RECORDS PROVIDED:
>>>

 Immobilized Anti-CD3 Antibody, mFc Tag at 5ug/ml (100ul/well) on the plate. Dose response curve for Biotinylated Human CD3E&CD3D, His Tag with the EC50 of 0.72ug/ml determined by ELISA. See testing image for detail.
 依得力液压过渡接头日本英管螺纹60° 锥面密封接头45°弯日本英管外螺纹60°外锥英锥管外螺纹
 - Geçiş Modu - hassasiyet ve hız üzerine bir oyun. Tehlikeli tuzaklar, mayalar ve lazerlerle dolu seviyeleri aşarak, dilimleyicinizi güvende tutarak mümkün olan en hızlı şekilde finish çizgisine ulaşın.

<<<
>>>

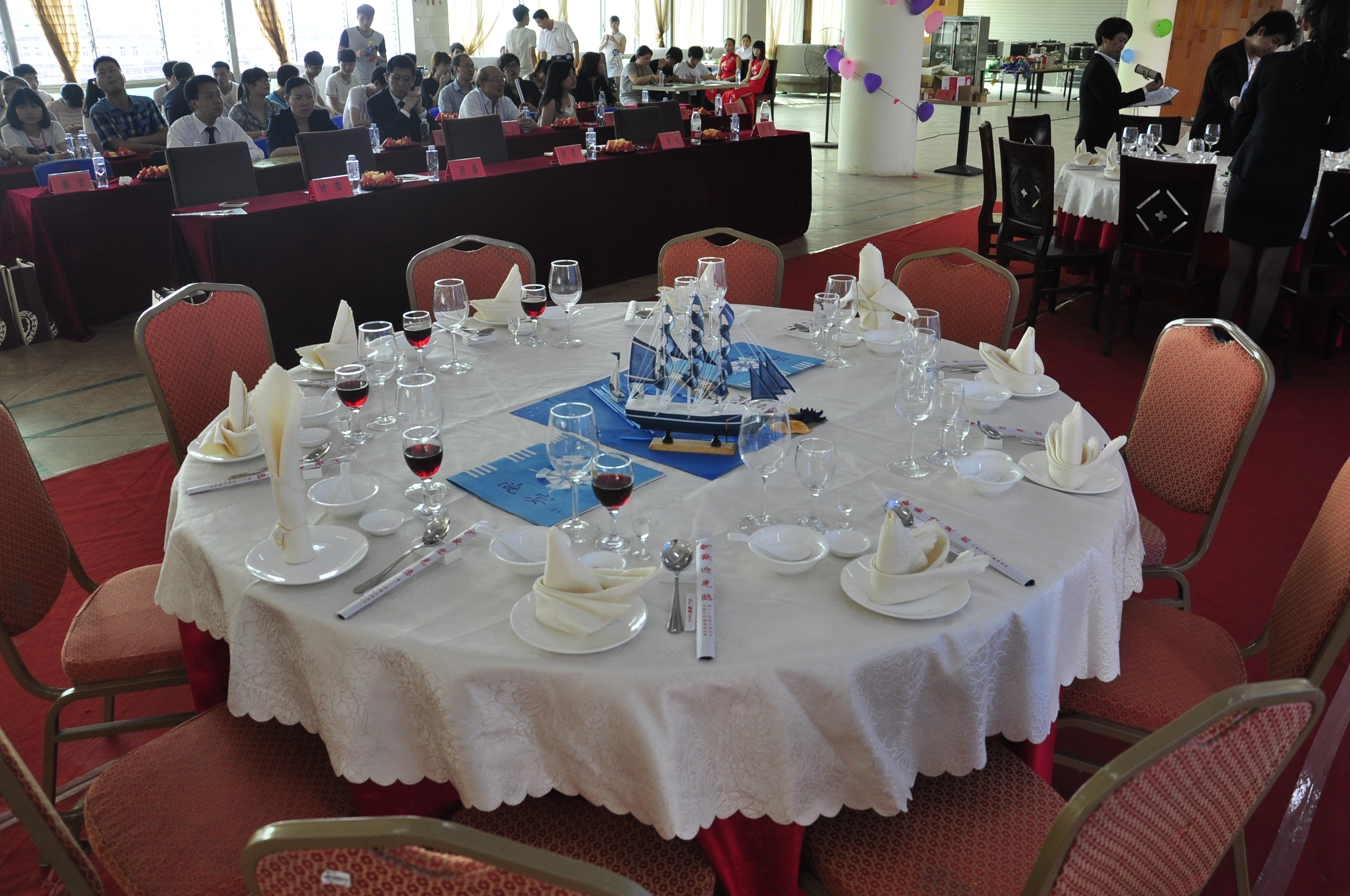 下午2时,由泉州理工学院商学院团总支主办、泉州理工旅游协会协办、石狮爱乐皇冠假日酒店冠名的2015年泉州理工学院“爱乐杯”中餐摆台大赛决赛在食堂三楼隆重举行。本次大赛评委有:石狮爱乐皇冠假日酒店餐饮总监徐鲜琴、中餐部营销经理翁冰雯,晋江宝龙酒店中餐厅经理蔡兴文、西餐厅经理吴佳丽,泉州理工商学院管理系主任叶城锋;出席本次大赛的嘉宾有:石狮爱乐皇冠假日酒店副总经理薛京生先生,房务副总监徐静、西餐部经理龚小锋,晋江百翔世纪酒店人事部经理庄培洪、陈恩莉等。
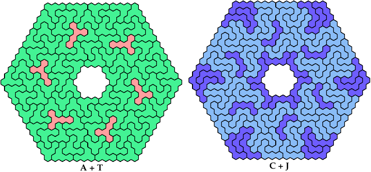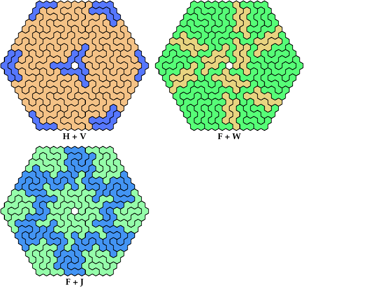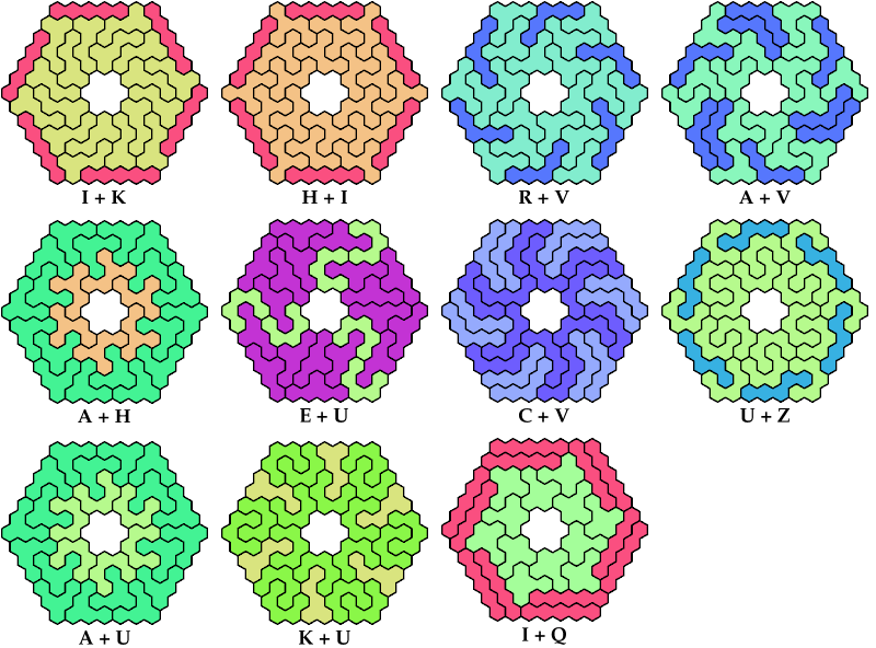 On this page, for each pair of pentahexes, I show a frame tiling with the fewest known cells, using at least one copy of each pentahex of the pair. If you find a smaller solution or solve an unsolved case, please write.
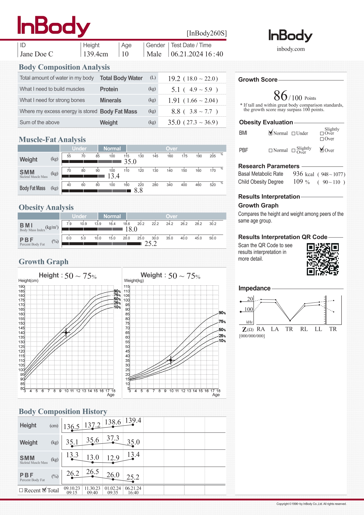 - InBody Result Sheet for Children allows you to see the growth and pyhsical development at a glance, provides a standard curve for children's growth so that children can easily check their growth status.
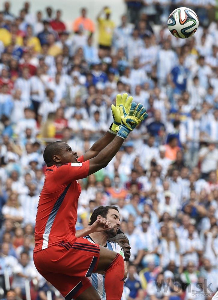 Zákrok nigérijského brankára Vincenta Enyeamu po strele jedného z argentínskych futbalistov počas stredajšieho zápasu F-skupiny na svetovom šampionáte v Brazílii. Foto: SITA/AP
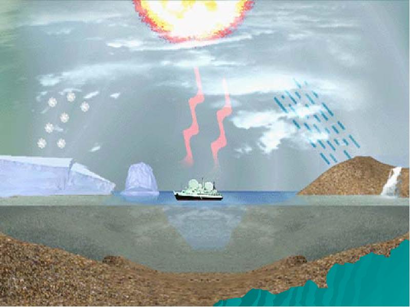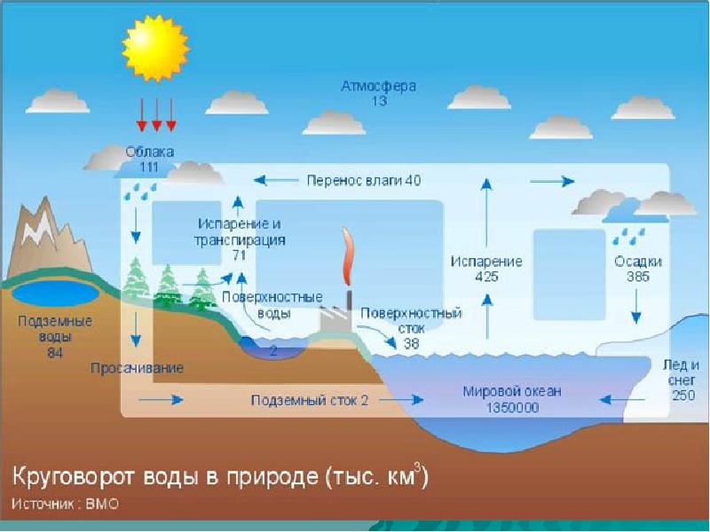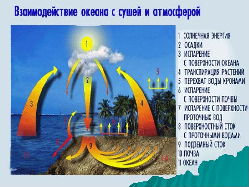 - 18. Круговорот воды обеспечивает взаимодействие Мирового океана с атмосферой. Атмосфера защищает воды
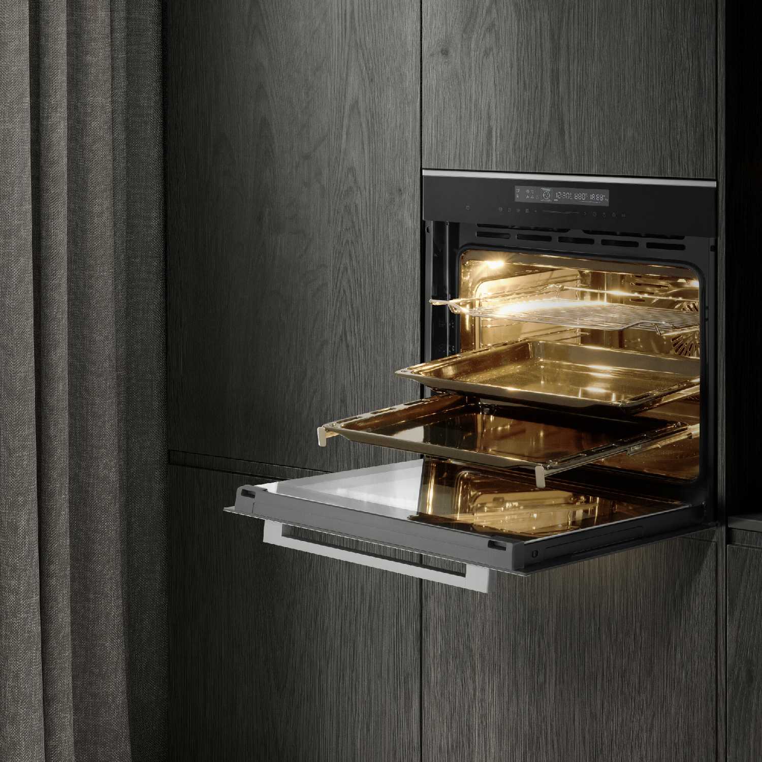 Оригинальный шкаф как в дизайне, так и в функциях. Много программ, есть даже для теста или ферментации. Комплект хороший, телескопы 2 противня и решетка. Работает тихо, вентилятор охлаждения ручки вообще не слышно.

<<<

EXERCISE DESCRIPTION:
In the records above, find the line with "Zákrok nigérijského brankára" and the line with "Оригинальный шкаф как", then restate word for word only those two lines and all lines between, omitting pictures.

WRITTEN SOLUTION:
 Zákrok nigérijského brankára Vincenta Enyeamu po strele jedného z argentínskych futbalistov počas stredajšieho zápasu F-skupiny na svetovom šampionáte v Brazílii. Foto: SITA/AP
 - 18. Круговорот воды обеспечивает взаимодействие Мирового океана с атмосферой. Атмосфера защищает воды
 Оригинальный шкаф как в дизайне, так и в функциях. Много программ, есть даже для теста или ферментации. Комплект хороший, телескопы 2 противня и решетка. Работает тихо, вентилятор охлаждения ручки вообще не слышно.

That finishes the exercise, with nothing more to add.